* **AIM OF THE EXERCISE**:
Omit every picture and output the rest of the records exactly as they are.

-- Opening Marker --

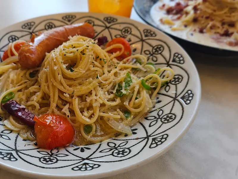 곧이어 토마토 함박파스타가 테이블에 놓였다. 탐스러운 함박 스테이크가 파스타 위에 떡하니 자리 잡은 모습은, 보기만 해도 배부른 느낌이었다. 포크로 함박을 조심스레 갈라 파스타 면과 함께 입에 넣으니, 새콤달콤한 토마토소스가 입안 가득 퍼져 나갔다. 함박의 육즙과 소스의 조화는 환상적이었다.
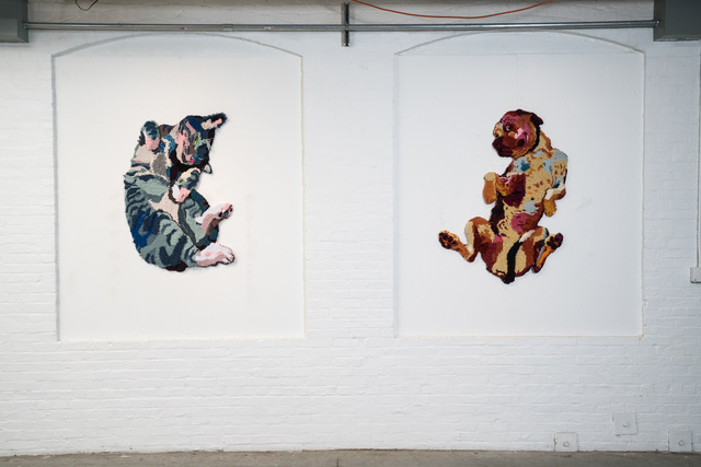 My goal is to update the idea of the bucolic textile or animal pelt rug into something both joyful and critical. I aim to refocus representational ownership to explore adoption narratives and to confront the contradictory beliefs about animal bodies in our culture.
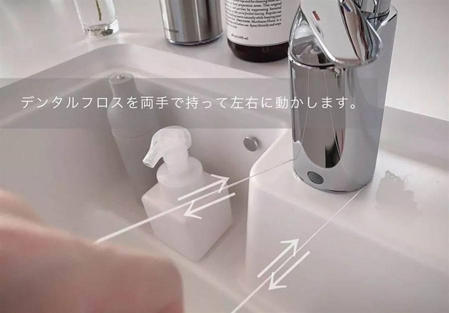 利用隨手可得的牙線,繞在水龍頭底部的縫隙,來回左右清理。
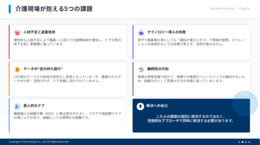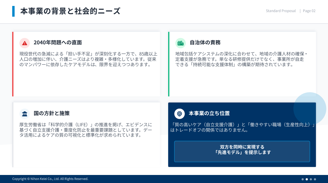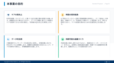 利用者の状態改善と介護現場の生産性向上を同時に進めることで、職員負担の軽減や人材定着にもつなげ、事業終了後も地域に残る「介護モデル」の構築を目指します。自立支援介護を地域全体で定着させたい自治体にとって、実行力と再現性を備えた提案内容となっています。
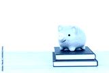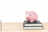 Pink piggy bank on top of books on wooden desk on white background, concept saving for education and scholarship
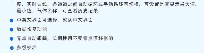 采用進口催化燃燒傳感器和微控制器技術,帶2.5寸高清彩屏實時顯示,帶聲光+視覺報警,現場多種氣體濃度 24 小時連續在線監測及溫濕度的測量,適用于各種環境中的可燃氣體濃度檢測,響應速度快,測量精度高,穩定性和重復性好,整機性能居國內領先水平。儀器具有多種超強的電路保護功能,可防止錯接電源、反接電源、電源短路、電源不穩、電源與信號錯解等,導致的儀器損壞。

-- Closing Marker --

* **RESPONSE TO THIS EXERCISE**:
 곧이어 토마토 함박파스타가 테이블에 놓였다. 탐스러운 함박 스테이크가 파스타 위에 떡하니 자리 잡은 모습은, 보기만 해도 배부른 느낌이었다. 포크로 함박을 조심스레 갈라 파스타 면과 함께 입에 넣으니, 새콤달콤한 토마토소스가 입안 가득 퍼져 나갔다. 함박의 육즙과 소스의 조화는 환상적이었다.
 My goal is to update the idea of the bucolic textile or animal pelt rug into something both joyful and critical. I aim to refocus representational ownership to explore adoption narratives and to confront the contradictory beliefs about animal bodies in our culture.
 利用隨手可得的牙線,繞在水龍頭底部的縫隙,來回左右清理。
 利用者の状態改善と介護現場の生産性向上を同時に進めることで、職員負担の軽減や人材定着にもつなげ、事業終了後も地域に残る「介護モデル」の構築を目指します。自立支援介護を地域全体で定着させたい自治体にとって、実行力と再現性を備えた提案内容となっています。
 Pink piggy bank on top of books on wooden desk on white background, concept saving for education and scholarship
 采用進口催化燃燒傳感器和微控制器技術,帶2.5寸高清彩屏實時顯示,帶聲光+視覺報警,現場多種氣體濃度 24 小時連續在線監測及溫濕度的測量,適用于各種環境中的可燃氣體濃度檢測,響應速度快,測量精度高,穩定性和重復性好,整機性能居國內領先水平。儀器具有多種超強的電路保護功能,可防止錯接電源、反接電源、電源短路、電源不穩、電源與信號錯解等,導致的儀器損壞。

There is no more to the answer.